DATASET ENTRIES.
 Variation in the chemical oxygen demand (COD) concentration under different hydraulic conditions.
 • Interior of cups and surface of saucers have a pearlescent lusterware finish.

--

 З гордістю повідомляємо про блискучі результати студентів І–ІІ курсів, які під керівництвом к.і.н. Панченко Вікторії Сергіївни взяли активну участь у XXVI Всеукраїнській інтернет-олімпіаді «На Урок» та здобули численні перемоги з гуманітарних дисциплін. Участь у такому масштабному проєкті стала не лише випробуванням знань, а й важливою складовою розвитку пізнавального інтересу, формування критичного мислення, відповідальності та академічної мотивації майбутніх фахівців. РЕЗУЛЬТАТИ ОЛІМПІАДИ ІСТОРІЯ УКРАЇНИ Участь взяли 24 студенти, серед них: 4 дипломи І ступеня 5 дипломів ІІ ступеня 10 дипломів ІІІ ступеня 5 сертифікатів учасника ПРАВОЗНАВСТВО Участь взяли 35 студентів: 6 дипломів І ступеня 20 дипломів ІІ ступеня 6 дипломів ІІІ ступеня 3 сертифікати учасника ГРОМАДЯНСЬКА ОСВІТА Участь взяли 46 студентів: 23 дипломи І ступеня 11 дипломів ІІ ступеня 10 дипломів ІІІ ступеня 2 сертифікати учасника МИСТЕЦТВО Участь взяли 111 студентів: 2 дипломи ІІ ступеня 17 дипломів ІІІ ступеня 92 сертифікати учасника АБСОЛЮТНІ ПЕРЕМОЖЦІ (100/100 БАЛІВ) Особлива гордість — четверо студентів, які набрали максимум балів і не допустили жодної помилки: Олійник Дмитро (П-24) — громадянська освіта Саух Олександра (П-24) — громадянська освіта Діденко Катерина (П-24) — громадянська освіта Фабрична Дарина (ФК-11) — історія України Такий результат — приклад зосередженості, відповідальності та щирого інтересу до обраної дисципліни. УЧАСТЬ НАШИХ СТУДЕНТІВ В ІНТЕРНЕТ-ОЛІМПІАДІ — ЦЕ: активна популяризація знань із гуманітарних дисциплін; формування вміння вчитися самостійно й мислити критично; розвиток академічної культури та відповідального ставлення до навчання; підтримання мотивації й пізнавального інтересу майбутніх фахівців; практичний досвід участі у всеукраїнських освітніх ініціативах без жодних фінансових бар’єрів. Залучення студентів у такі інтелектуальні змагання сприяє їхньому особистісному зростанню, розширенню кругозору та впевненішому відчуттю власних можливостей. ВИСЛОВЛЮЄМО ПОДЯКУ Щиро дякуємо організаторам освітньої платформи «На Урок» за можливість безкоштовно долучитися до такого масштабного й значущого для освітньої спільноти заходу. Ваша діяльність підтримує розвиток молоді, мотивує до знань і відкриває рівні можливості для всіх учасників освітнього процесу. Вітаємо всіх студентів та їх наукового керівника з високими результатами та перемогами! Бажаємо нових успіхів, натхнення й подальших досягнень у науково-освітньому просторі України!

TASK REQUIREMENTS. Return only the part of the records above that opens with the line containing "Variation in the" and closes with the line containing "pearlescent lusterware finish.", ends included.

ANSWER TO THIS EXERCISE.
 Variation in the chemical oxygen demand (COD) concentration under different hydraulic conditions.
 • Interior of cups and surface of saucers have a pearlescent lusterware finish.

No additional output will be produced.